Examples of the binder resin include styrene, vinyl acetate, vinyl chloride, an acrylic acid ester, a methacrylic acid ester, polymers and copolymers of vinyl compounds, such as vinylidene fluoride and trifluoroethylene, a polyvinyl alcohol resin, a polyvinyl acetal resin, a polycarbonate resin, a polyester resin, a polysulfone resin, a polyphenylene oxide resin, a polyurethane resin, a cellulose resin, a phenol resin, a melamine resin, a silicon resin, and an epoxy resin. Of those, a polyester resin, a polycarbonate resin, and a polyvinyl acetal resin are preferred.
In the charge generating layer, the ratio (charge generating substance/binder resin) based on a mass of the charge generating substance to the binder resin preferably falls within the range of from 10/1 to 1/10, and more preferably falls within the range of from 5/1 to 1/5.
A formation method for the charge generating layer may be the same as that for the electron transporting layer. The formation of the charge generating layer may be performed, for example, by forming a coating film of a coating liquid for a charge generating layer obtained by adding the above-mentioned components to a solvent, drying the coating film, and heating the coating film as required.
Examples of the solvent to be used in the coating liquid for a charge generating layer include an alcohol-based solvent, a ketone-based solvent, an ether-based solvent, an ester-based solvent, and an aromatic hydrocarbon solvent.
The thickness of the charge generating layer is preferably 0.05 to 5 m.
The hole transporting layer preferably contains a hole transporting substance and a binder resin.
Examples of the hole transporting substance include a hydrazone compound, a styryl compound, a benzidine compound, a butadiene compound, an enamine compound, a triarylamine compound, and triphenylamine. Another example thereof is a polymer having a group derived from each of those compounds in a main chain or side chain thereof.

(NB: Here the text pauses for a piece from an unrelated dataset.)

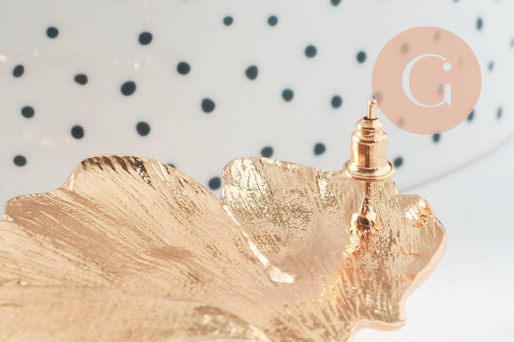 Boucles fleur Gingko XXL zamac doré, la paire (G9652)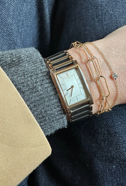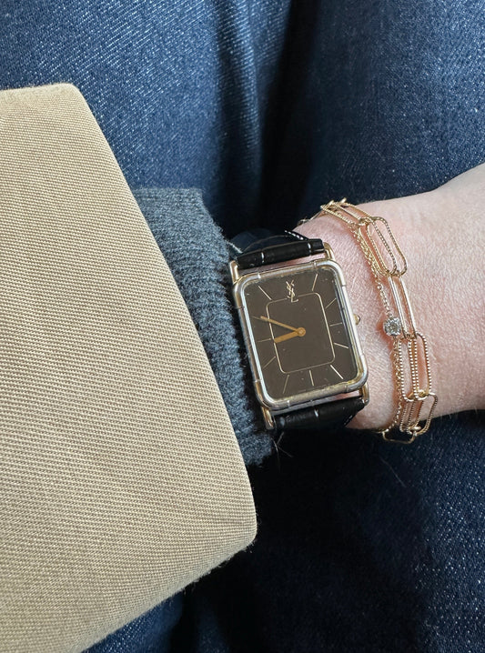 Vintage YSL Gold and Silver Plated Watch with Black Croc Leather Strap

Examples of the binder resin include a polyester resin, a polycarbonate resin, a polymethacrylic acid ester resin, a polyarylate resin, a polysulfone resin, and a polystyrene resin. Of those, a polycarbonate resin and a polyarylate resin are preferred. In addition, the viscosity average molecular weight thereof preferably falls within the range of from 5,000 to 150,000.
In the hole transporting layer, the ratio (hole transporting substance/binder resin) based on a mass of the hole transporting substance to the binder resin preferably falls within the range of from 10/5 to 5/10, and more preferably falls within the range of from 10/8 to 6/10.

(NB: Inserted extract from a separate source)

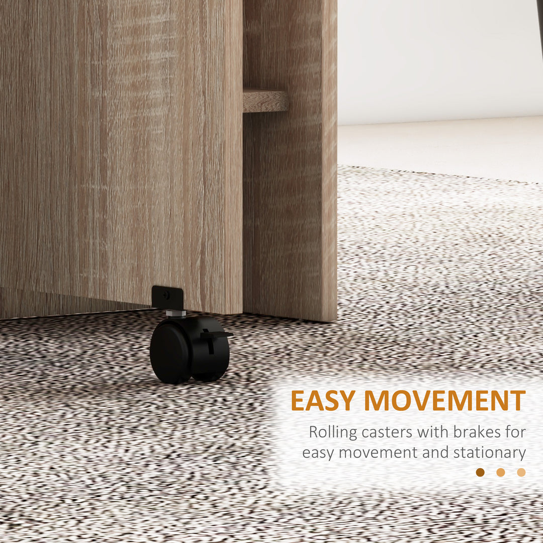 Make large unused tables at home a thing of the past. Choose this HOMCOM drop leaf dining table for extending surface space, whenever you need it. Both sides lift up and drop down super easily. Inside there are two shelves for close by and discreet storage - easy to keep things close to you. Complete with wheels to move easily, with brakes so it stands still, whenever you want.

A formation method for the hole transporting layer may be the same as those for the electron transporting layer and the charge generating layer. The formation of the hole transporting layer may be performed, for example, by forming a coating film of a coating liquid for a hole transporting layer obtained by adding the above-mentioned components to a solvent, drying the coating film, and heating the coating film as required.
Examples of the solvent to be used in the coating liquid for a hole transporting layer include an alcohol-based solvent, a ketone-based solvent, an ether-based solvent, an ester-based solvent, and an aromatic hydrocarbon solvent.
The thickness of the hole transporting layer is preferably 5 to 40 m.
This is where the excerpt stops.